Joel Coen ha sabido no solo entender, sino recordar la esencia del genial dramaturgo y trasladarla a los tiempos que corren.

Tengo la tentación de establecer cierto paralelismo con El caballero verde (David Lowery, 2021) —una tampoco particularmente descabellada, que comparten la producción de A24—, sobre todo por el esplendor escénico y la amplitud de ambas para conectar su forma fílmica con la literaria, para expandir los tropos de sus orígenes —artúricos la una, shakespearianos la otra— y convertirlos en algo reconocible desde lo intelectual, y de inmensa amplitud emocional, capaz de engancharse con el espectador a través de lo inmortal de sus mensajes, de la vigencia que vive detrás de sus anuncios: en el caso de Macbeth, es maravilloso verla en pleno 2022, pensar que fue escrita originalmente hacia 1606, y sentirla como si fuera una radiografía de la realidad política o directamente humana de nuestros días, como si en el fondo, la cabra tirara al monte y llevásemos siendo igual de necios desde que el tiempo es tiempo, puede que incluso desde antes.
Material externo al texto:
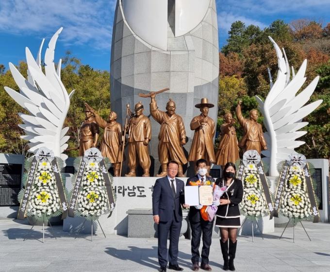 ±â³ä½Ä¿¡´Â ¹®±ÝÁÖ Àü³²µµ ÇàÁ¤ºÎÁö»ç, Àü°æ¼± Àü³²µµÀÇȸ ºÎÀÇÀå, À¯Çü¼± ¼ºÎº¸ÈÆÁöûÀå, º¸ÈÆ´ÜüÀå, ±¤º¹È¸¿ø µî 100¿© ¸íÀÌ Âü¼®ÇØ ¼ø±¹¼±¿°ú È£±¹¿µ·ÉÀÇ Èñ»ýÁ¤½ÅÀ» ±â·È´Ù.

El tiempo dirá si La tragedia de Macbeth podrá estar en la misma conversación, cuando se hable de las grandes de Shakespeare en el cine, que Trono de sangre (Akira Kurosawa, 1957) o la propia Macbeth (1948) de Orson Welles —si me preguntan, lo tendría claro—, lo que sí se transparenta es que Joel Coen ha sabido no solo entender, sino recordar la esencia del genial dramaturgo y trasladarla a los tiempos que corren, donde no solo las lecturas políticas se pueden relanzar y mirar con renovados ojos, sino la totalidad de su entereza y trascendencia, que ocurre porque, en efecto, Coen es un cineasta prodigioso.